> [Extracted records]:
↓

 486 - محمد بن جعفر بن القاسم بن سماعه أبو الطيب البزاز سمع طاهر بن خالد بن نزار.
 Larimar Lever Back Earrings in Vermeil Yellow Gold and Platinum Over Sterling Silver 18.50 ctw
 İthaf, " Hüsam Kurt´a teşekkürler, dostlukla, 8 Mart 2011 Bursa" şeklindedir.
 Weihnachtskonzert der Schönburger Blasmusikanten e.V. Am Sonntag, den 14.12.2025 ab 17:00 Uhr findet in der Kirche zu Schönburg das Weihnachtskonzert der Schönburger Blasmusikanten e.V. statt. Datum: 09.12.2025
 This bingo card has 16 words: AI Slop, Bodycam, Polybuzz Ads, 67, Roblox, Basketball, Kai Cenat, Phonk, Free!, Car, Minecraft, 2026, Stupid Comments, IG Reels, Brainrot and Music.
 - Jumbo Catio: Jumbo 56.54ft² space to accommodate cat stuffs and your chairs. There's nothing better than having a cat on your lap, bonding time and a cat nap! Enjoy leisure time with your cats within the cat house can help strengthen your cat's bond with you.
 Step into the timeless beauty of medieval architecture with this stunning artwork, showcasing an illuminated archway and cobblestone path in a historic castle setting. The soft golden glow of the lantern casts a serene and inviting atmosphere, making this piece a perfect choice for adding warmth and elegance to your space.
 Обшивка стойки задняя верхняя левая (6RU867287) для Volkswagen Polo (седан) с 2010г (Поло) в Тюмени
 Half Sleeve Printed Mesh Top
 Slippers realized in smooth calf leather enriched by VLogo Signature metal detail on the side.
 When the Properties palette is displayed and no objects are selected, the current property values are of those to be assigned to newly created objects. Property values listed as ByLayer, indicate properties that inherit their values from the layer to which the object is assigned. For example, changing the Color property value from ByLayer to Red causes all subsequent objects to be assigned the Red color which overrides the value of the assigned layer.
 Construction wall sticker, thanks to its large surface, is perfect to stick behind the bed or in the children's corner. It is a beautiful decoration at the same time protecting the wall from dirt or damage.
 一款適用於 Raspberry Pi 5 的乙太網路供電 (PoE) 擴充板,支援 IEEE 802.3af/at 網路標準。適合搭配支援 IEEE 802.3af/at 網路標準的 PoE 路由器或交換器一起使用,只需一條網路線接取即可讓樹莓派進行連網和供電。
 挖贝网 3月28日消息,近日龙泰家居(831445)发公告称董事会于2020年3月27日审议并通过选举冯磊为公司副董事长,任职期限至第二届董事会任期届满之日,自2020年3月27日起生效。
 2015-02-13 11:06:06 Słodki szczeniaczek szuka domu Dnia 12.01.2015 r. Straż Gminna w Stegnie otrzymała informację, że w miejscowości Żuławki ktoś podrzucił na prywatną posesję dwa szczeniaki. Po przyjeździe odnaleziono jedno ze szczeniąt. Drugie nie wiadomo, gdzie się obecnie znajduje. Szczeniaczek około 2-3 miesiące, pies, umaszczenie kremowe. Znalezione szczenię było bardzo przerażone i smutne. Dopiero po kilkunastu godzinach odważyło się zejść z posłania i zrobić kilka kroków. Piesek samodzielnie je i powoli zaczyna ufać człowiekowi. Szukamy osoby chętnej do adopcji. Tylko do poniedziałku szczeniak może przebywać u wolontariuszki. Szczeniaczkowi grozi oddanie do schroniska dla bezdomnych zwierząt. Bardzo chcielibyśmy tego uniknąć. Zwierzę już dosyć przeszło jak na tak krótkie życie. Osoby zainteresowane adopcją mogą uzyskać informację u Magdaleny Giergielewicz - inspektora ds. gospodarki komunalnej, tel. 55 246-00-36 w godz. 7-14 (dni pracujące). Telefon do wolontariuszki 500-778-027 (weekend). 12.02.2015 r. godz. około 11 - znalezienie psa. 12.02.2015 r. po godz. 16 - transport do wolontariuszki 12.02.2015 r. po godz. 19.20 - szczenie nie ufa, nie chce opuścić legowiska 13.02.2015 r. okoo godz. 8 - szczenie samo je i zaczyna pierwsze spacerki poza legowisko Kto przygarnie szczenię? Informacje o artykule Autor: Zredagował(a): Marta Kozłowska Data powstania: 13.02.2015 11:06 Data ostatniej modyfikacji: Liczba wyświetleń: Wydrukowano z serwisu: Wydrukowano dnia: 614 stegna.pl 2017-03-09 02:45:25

↑

> [Your task]: Above are the entries. Copy exactly the part that opens with the line containing "- Jumbo Catio: Jumbo" and closes with the line containing "When the Properties", and no more.

> [Response for this exercise]:
 - Jumbo Catio: Jumbo 56.54ft² space to accommodate cat stuffs and your chairs. There's nothing better than having a cat on your lap, bonding time and a cat nap! Enjoy leisure time with your cats within the cat house can help strengthen your cat's bond with you.
 Step into the timeless beauty of medieval architecture with this stunning artwork, showcasing an illuminated archway and cobblestone path in a historic castle setting. The soft golden glow of the lantern casts a serene and inviting atmosphere, making this piece a perfect choice for adding warmth and elegance to your space.
 Обшивка стойки задняя верхняя левая (6RU867287) для Volkswagen Polo (седан) с 2010г (Поло) в Тюмени
 Half Sleeve Printed Mesh Top
 Slippers realized in smooth calf leather enriched by VLogo Signature metal detail on the side.
 When the Properties palette is displayed and no objects are selected, the current property values are of those to be assigned to newly created objects. Property values listed as ByLayer, indicate properties that inherit their values from the layer to which the object is assigned. For example, changing the Color property value from ByLayer to Red causes all subsequent objects to be assigned the Red color which overrides the value of the assigned layer.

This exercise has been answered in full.